After 25 years, 928 victories and 15 NCAA Tournament appearances, the 69-year-old Edwards has retired, ceding the coaching duties to associate head coach Larissa Anderson, who has been at Hofstra for 13 seasons. She knows there are big shoes to fill.

"I really need clown shoes, don't I," she said this week, several days after Edwards announced his retirement.

Edwards' body of work had already earned him entrance into the National Fastpitch Coaches Association Hall of Fame five years ago. Last month, he was inducted into the Suffolk Hall of Fame. He leaves with the knowledge that the team will be in capable hands with Anderson. "It's certainly Larissa's time," he said. "I'm excited for her, excited for the program."

Today, Hofstra softball is a fully funded and high profile sport.
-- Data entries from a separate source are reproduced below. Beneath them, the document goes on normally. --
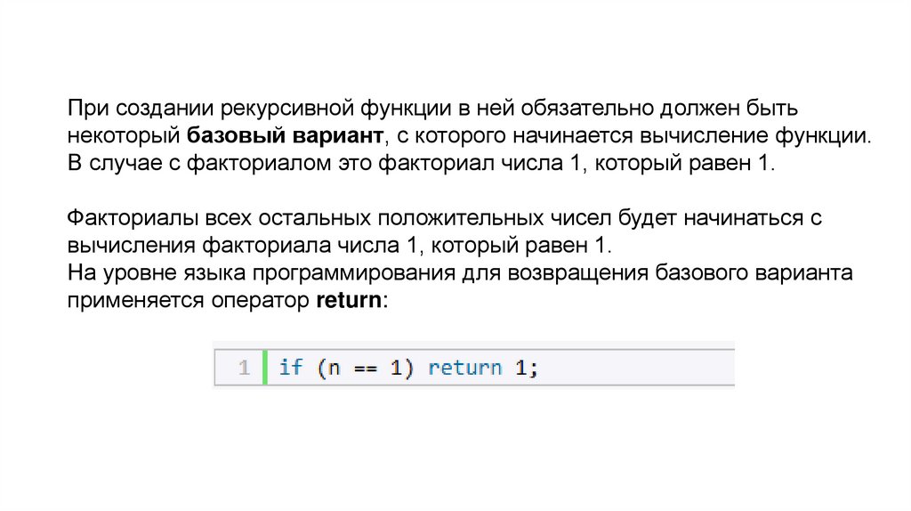 При создании рекурсивной функции в ней обязательно должен бытьнекоторый базовый вариант, с которого начинается вычисление функции.
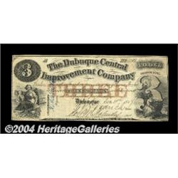$8 in Iowa ObsoletesCouncil Bluffs, IA - Banking House of Baldwin & Dodge $2 remainder Oakes 26-2 AUDubuque, IA - Dubuque Central Improvement Company $3 Dec. 11, 1857 Oakes 48-2 (2) EF 3 notes <BR><BR><B>Important notice:</B> Heritage usually auctions material at the rate of 200-250 lots per hour. On some occasions eBay Live bid software or the Internet may not be able to keep up with the pace of the auction. We recommend placing a realistic absentee bid now as insurance to avoid disappointment. Occasionally the auctioneer may eliminate or reject an eBay Live bid, and the auctioneer may also reopen a lot after the close of the eBay live bidding (usually because we missed an audience bid), and may reject your bid even if it shows you as the winning bidder. By bidding via eBay Live, you agree that Heritage may award the lot to another bidder at its sole discretion under the circumstances described above or any other reasonable circumstances. Since eBay bids are not shown to us until we open the lot on the floor, we treat those bids just like floor bids. In most cases the floor responds before the eBay bid is presented to us, due to Internet lag time, so for consistency we have made it a policy that floor bids are always considered first over tie eBay live bids. Also please note that all Heritage lots purchased through eBay Live carry a 20% Buyer's Premium. Please make sure you read the Terms and Conditions before you bid. <BR><BR><B>IMPORTANT ANNOUNCEMENT ABOUT RESERVES:</B> Heritage now divulges all reserves on its web site 7 days before every auction. If you want to know whether the reserve on this lot has been met, and if not, what the reserve amount is, please visit this lot page on the HeritageCoin.com web site, or email: bid@HeritageGalleries.com
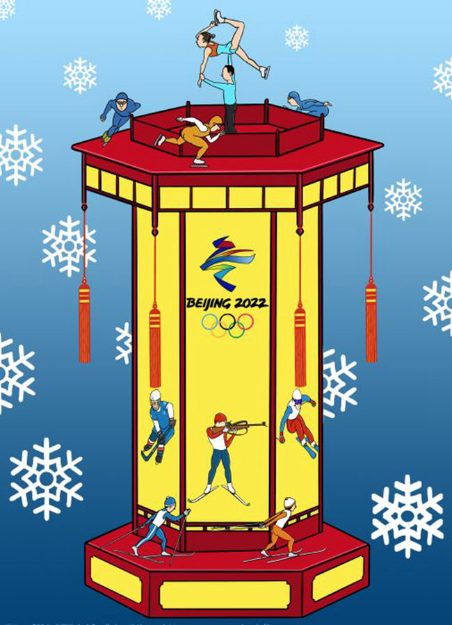 宮燈是富有中國特色的傳統手工藝品之一,畫屏圖案內容多為龍鳳呈祥、福壽延年、吉祥如意等,有著美好的祝福寓意。漫畫家孫德民的作品《新春瑞雪迎冬奧》,讓冬奧運動員現身古老的宮燈之上,全方位展示冬奧的魅力。
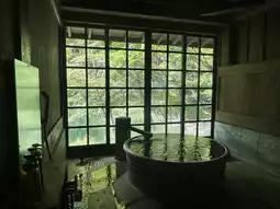 The hot spring in your room is also close to greenery, and the sound of the babbling river and the chirping of birds serves as background music.
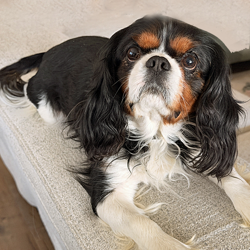 If you have a calm home with a routine and someone home during the day to keep working on Daisy’s potty training, please fill out the online adoption application and contact June at (June.cavaliers@gmail.com) to let us know of your interest in this quiet little sweetheart.
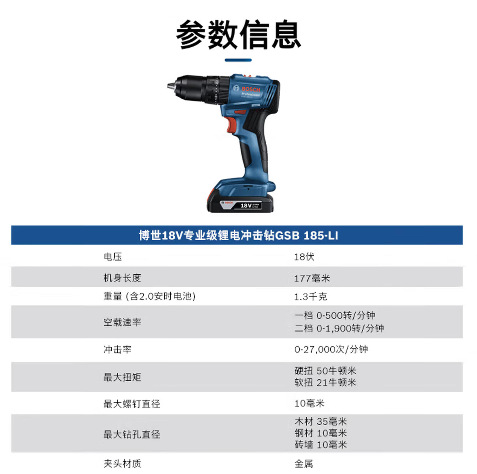 博世(BOSCH)电钻 钻墙 打孔 无刷 锂电冲击钻 电动螺丝刀 GSB185 18V 2.0Ah单电
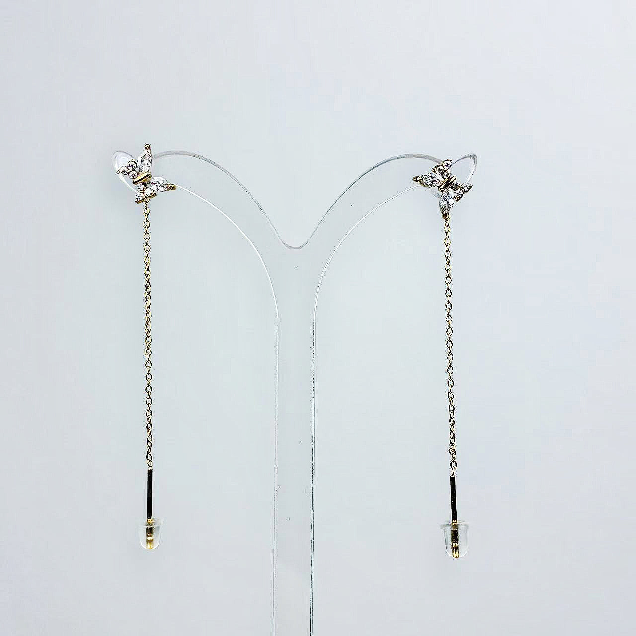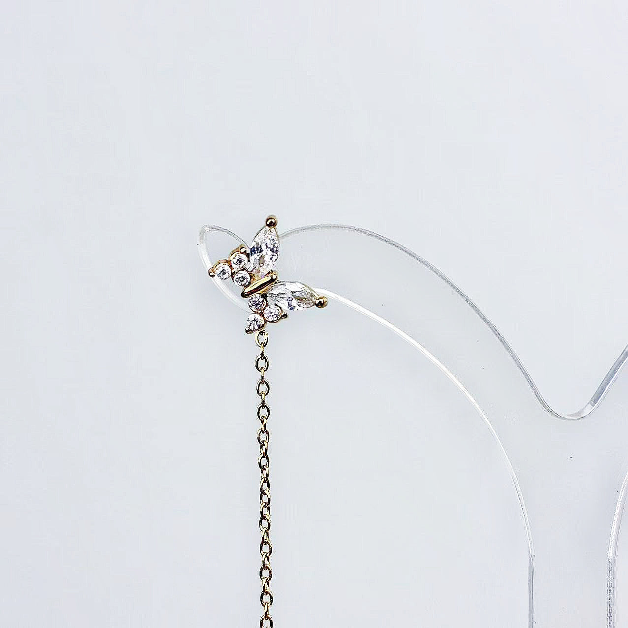 Un orecchino dal fascino poetico e raffinato, caratterizzato da un motivo ispirato alle ali di una farfalla, composto da elementi incastonati che creano una composizione armoniosa e luminosa. Il dettaglio superiore, finemente lavorato, si unisce a una catena sottile che scende con grazia, donando movimento e leggerezza all’insieme.
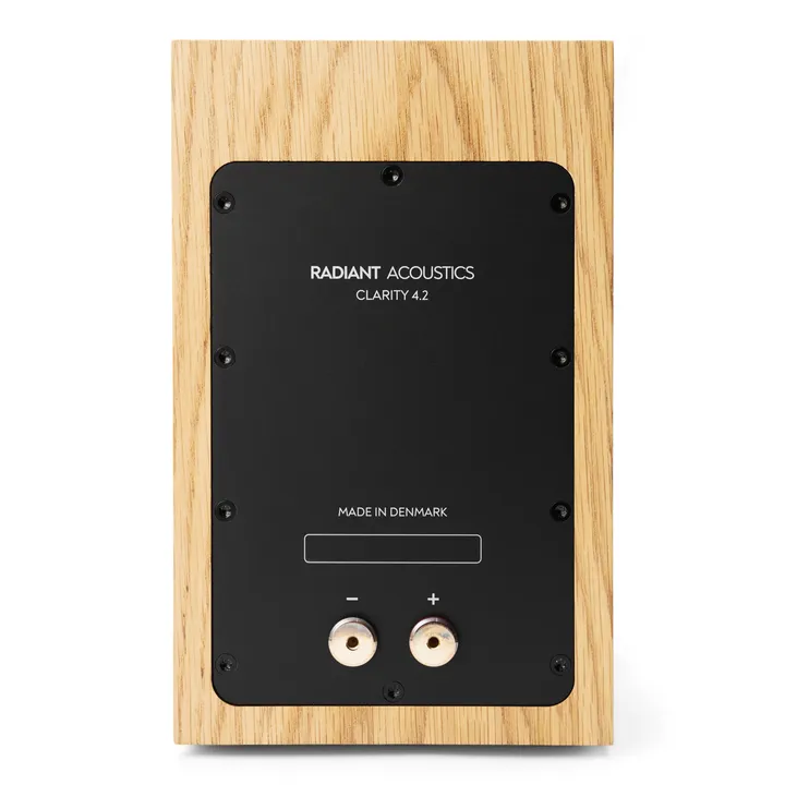 Radiant Acoustics Clarity 4.2 är en unik, exklusiv och superkompakt High End-högtalare som bygger på de revolutionerande högtalarelementen från danska Purifi Audio. Högtalaren är så liten att du absolut kan ha den stående på en TV-möbel, på en vägghylla eller i en bokhylla, men det är absolut inget litet över dess prestanda. Du kan lugnt vara beredd på att tappa hakan när det kristallklara ljudet och den otroliga basen strömmar ut i rummet.
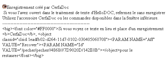 l'appel de l'accessoire CerfaDoc (il peut parfois être plus rapide
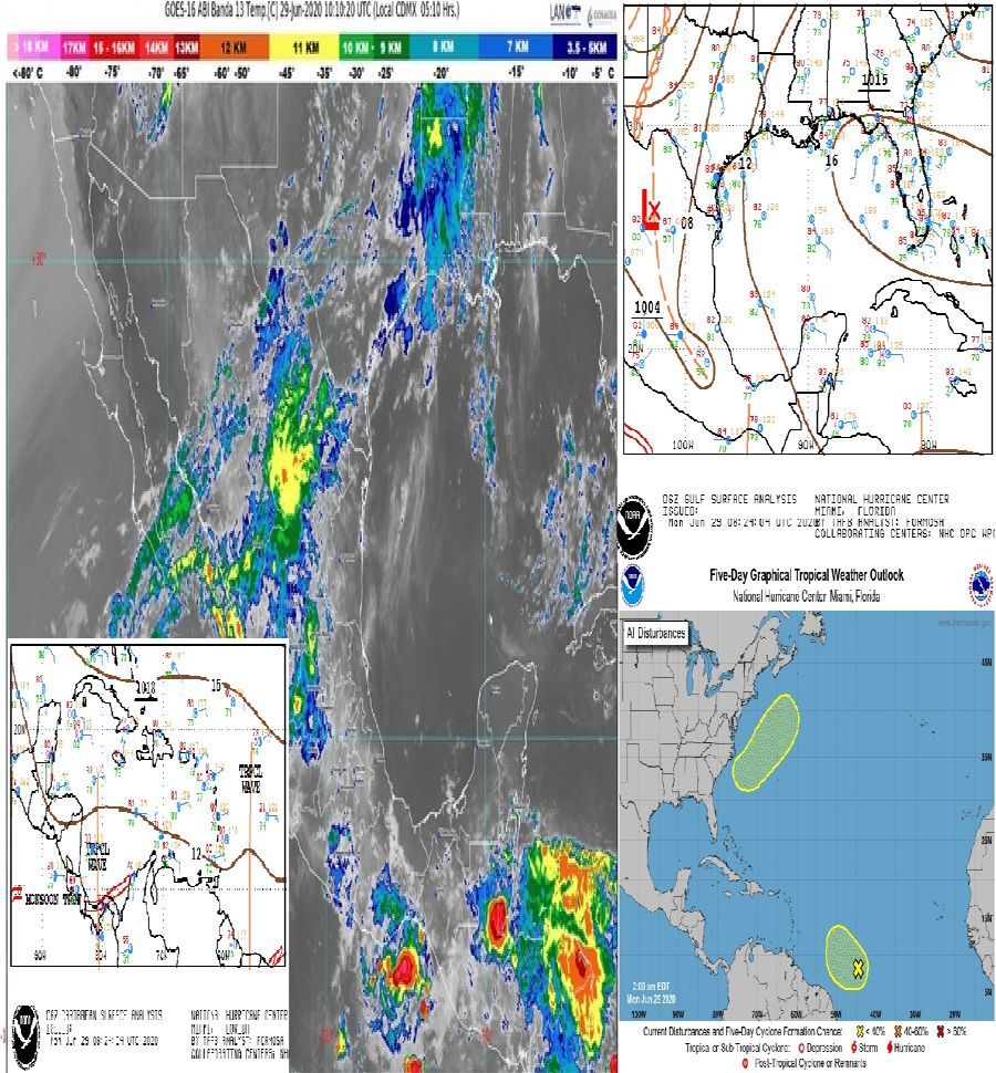 El pronóstico meteorológico para el Golfo de México es ambiente muy caluroso, cielo parcialmente nublado por la mañana e incremento de nublados hacia la tarde. Se prevén intervalos de chubascos en Tabasco y Veracruz, y lluvias aisladas en Tamaulipas, además de viento del sureste de 20 a 30 km/h, con rachas de 50 a 60 km/h y posibles tolvaneras en Tamaulipas.
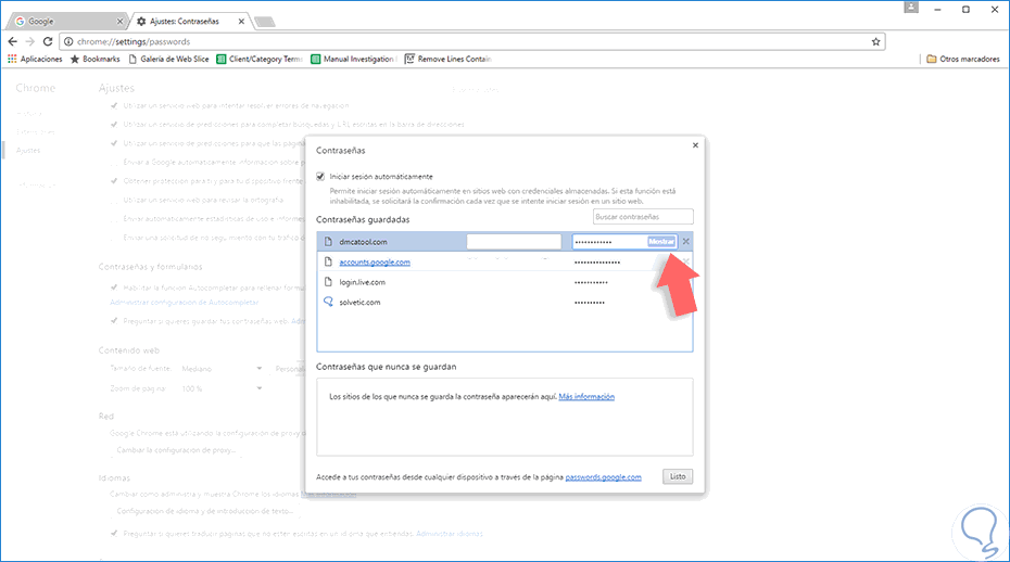 Allí simplemente seleccionamos la contraseña deseada y pulsamos en el botón Mostrar. De este modo veremos la respectiva contraseña almacenada en Google Chrome.
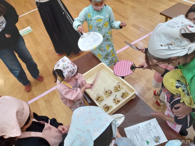 この地方の郷土菓子「鬼まんじゅう」の形が味岡児童館のキャラクター、ぱるもあザウルスに似ていることから、毎年の恒例行事として開催しています。
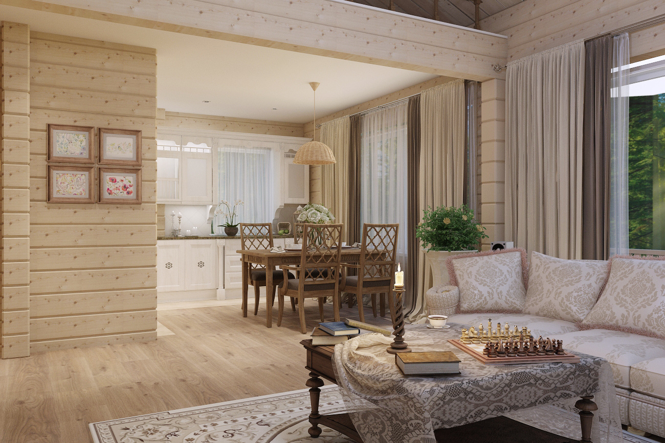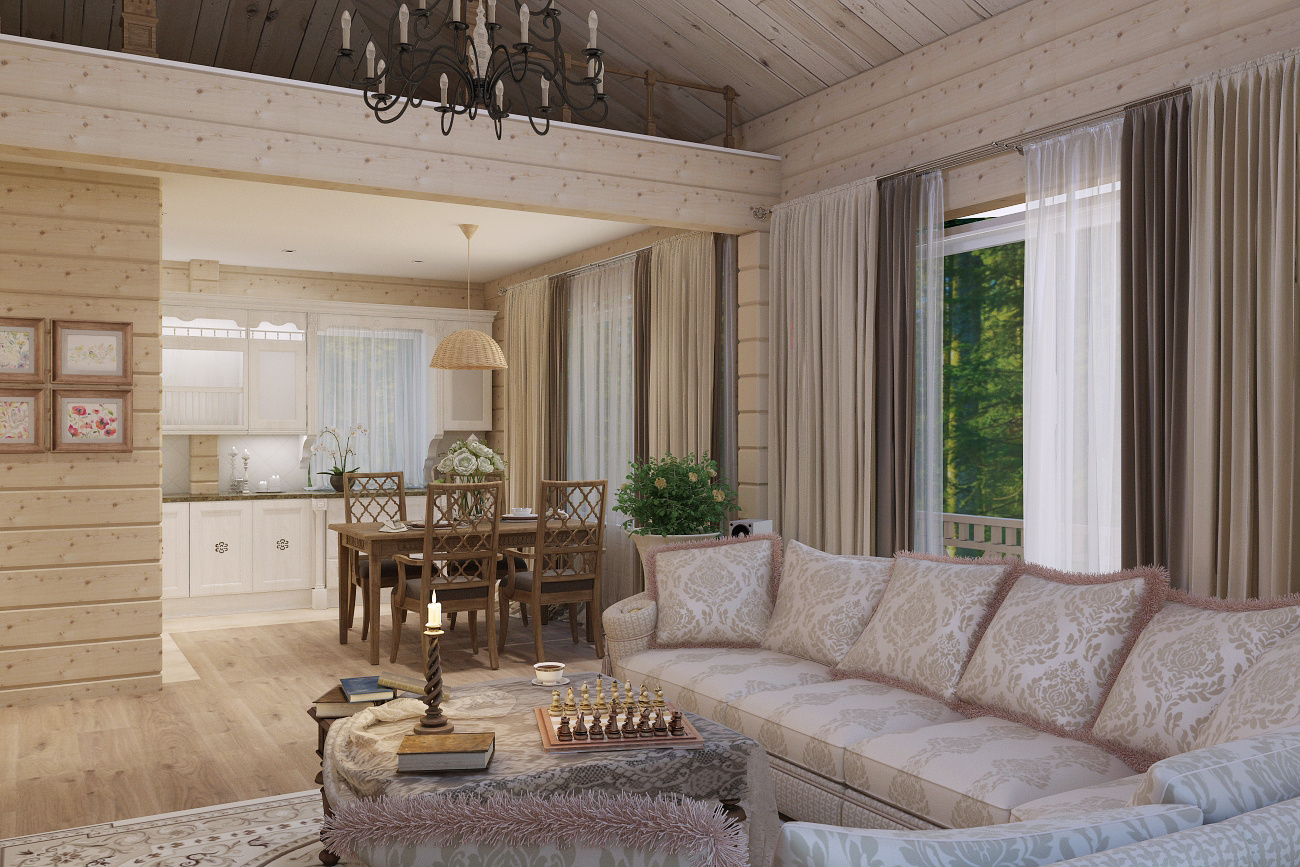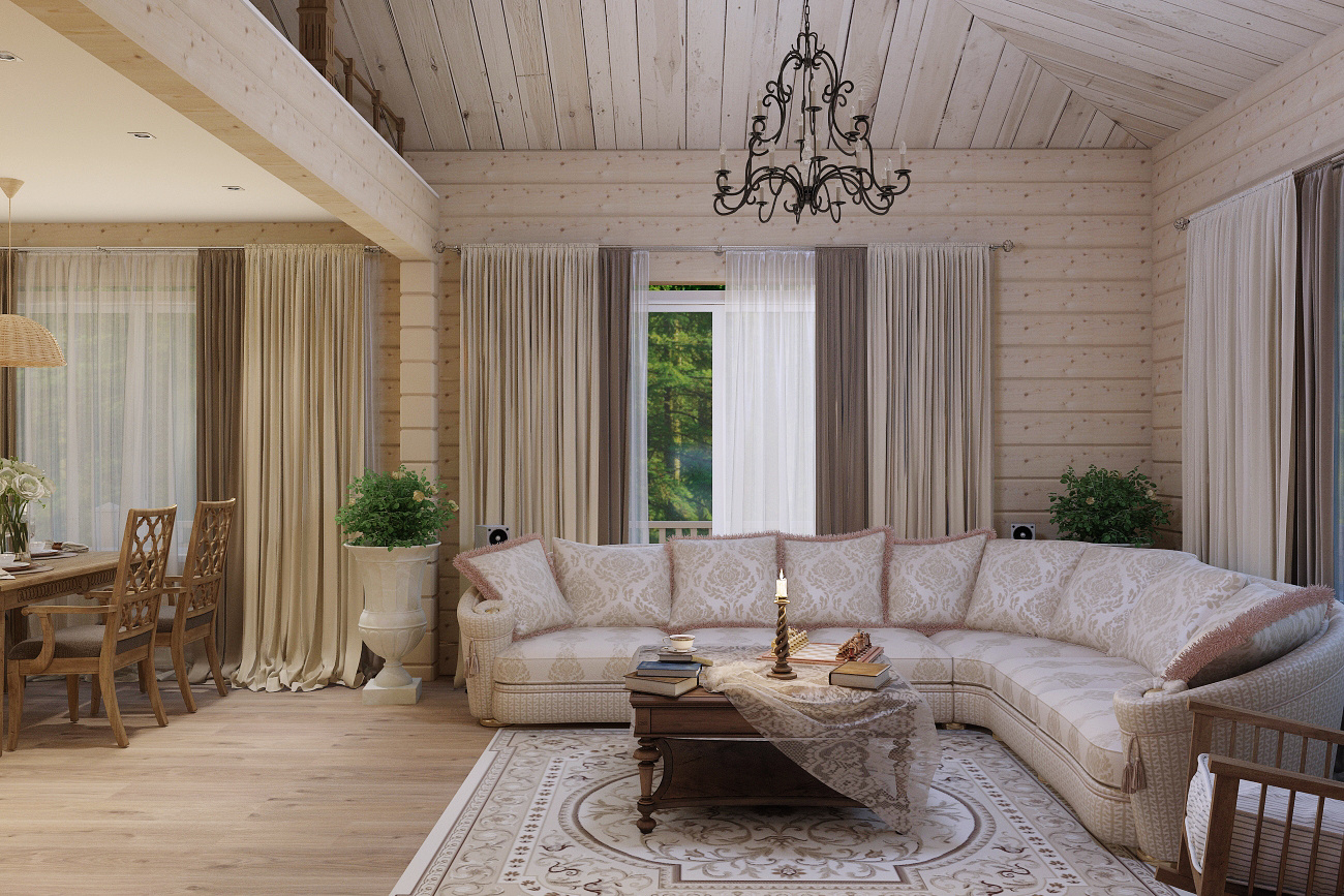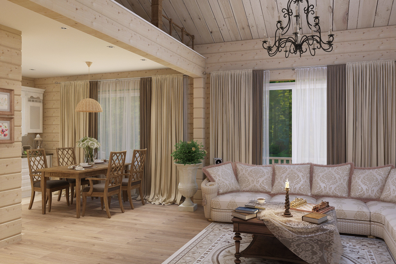 Дизайн проект интерьера одноэтажного дома из бруса в Кирове. На основании пожеланий клиента, для отделки дома были выбраны натуральные и экологичные материалы: натуральное дерево для декоративных элементов, мебель из массива, натуральный текстиль в обшивке мягкой мебели, шторах и декоративных элементах.
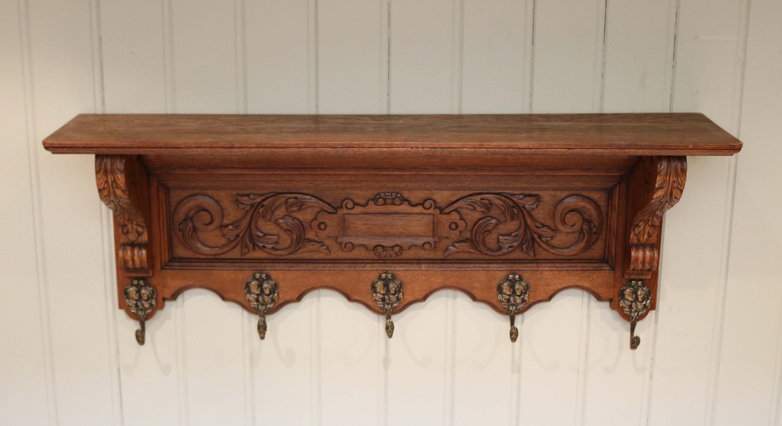 French Carved Solid Oak Wall Shelf c.1920 (1 of 1)
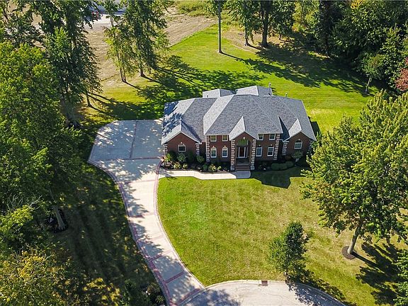Welcome to this one owner, exquisite brick colonial situated on a peaceful cul de sac within the esteemed Stonegate Subdivision. The grand entrance welcomes you with a stunning foyer adorned with a sparkling crystal chandelier, centrally poised staircase, spacious living areas, gleaming hardwood floors, lofty ceilings, and every luxury expected of a custom-built residence. The main level features an office with elegant French doors, formal dining room, living room with a soaring 19-foot ceiling and a cozy gas fireplace, all complemented by an abundance of natural light. The well-appointed kitchen is complete with custom cabinetry, center island, granite floor, and walk-in pantry that offers ample storage space. Included on the first floor is a regal owner's suite, complete with gas fireplace, ensuite bathroom with jetted tub, electric radiant floor heat and a walk in closet. On the second level you will find a secondary primary suite featuring an ensuite bathroom, and two extra spacious bedrooms that share a connecting full bathroom. With a fully equipped kitchen, craft/laundry room, gym room, and wine cellar, the lower level adds to the living space and offers hot water radiant floor heat with versatile usage as an in-law suite or an impressive entertainment area. The garage is equipped with hot water radiant floor heat, hot and cold water and electric garage door openers. Unwind from your day and enjoy your favorite beverage on the stamped concrete patio in the back yard.
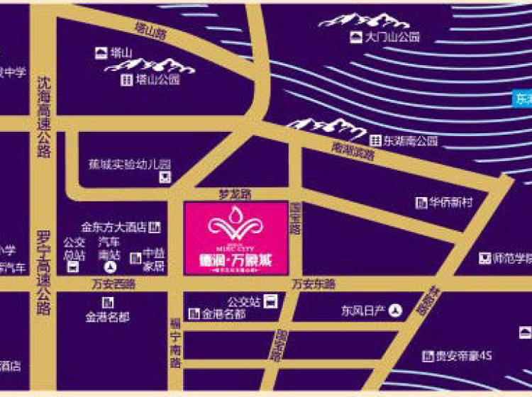 宁德德润万象城位于宁德市东侨区南岸景观带金塔组团。临近宁德市汽车南站。项目用地界线南起万安东路,北至梦龙路,西起福宁南路,东至国宝路。征地面积约96693.3平方米(约145亩),建设用地面积88496平方米(约132.7亩),其中商业金融用地48496平方米(约72.7亩);二类居住用地40000平方米(约60亩)。 项目商业金融地块含四星级以上酒店一座、大型商业中心一座、室外商业步行街一条、商务公寓一座。沿福宁南路设置大于4500平方米的城市开放性广场。二类居住用地建筑面积120000平方米,内含2座26层住宅,4座31层住宅及一座9班幼儿园一座。 德润万象城以水文化为主题打造海西首座“水游商业街区”,双首层概念。汇集大型购物综合超市,约35万平米,打造闽东双MALL购物休闲,引进国际一线知名品牌,知名影院,儿童主题游乐园、多国大型经典美食、餐饮,打造“吃、喝、玩、乐、购”一站式购物中心,满足各类人群的消费、娱乐需求。

In the early years, Edwards didn't dwell on what the program didn't have -- he envisioned what he could accomplish.

"Part of my game plan for life is never settle for mediocrity," he said. "I always want to do the best I can do to the highest level I can achieve. So when you get into coaching high school you want to win a county championship and then a state title, when you get into college coaching you want to get to the College World Series. I think anybody who is settling for less than that is cheating not only their players, their university and themselves. That's my nature, I don't know how to do anything other than to throw my heart and soul into it."

Edwards got players from near and far. Crystal Boyd, the best position player in program history, arrived from East Meadow High School in 1991 and in 1993 led Hofstra to its first appearance in the NCAA Tournament.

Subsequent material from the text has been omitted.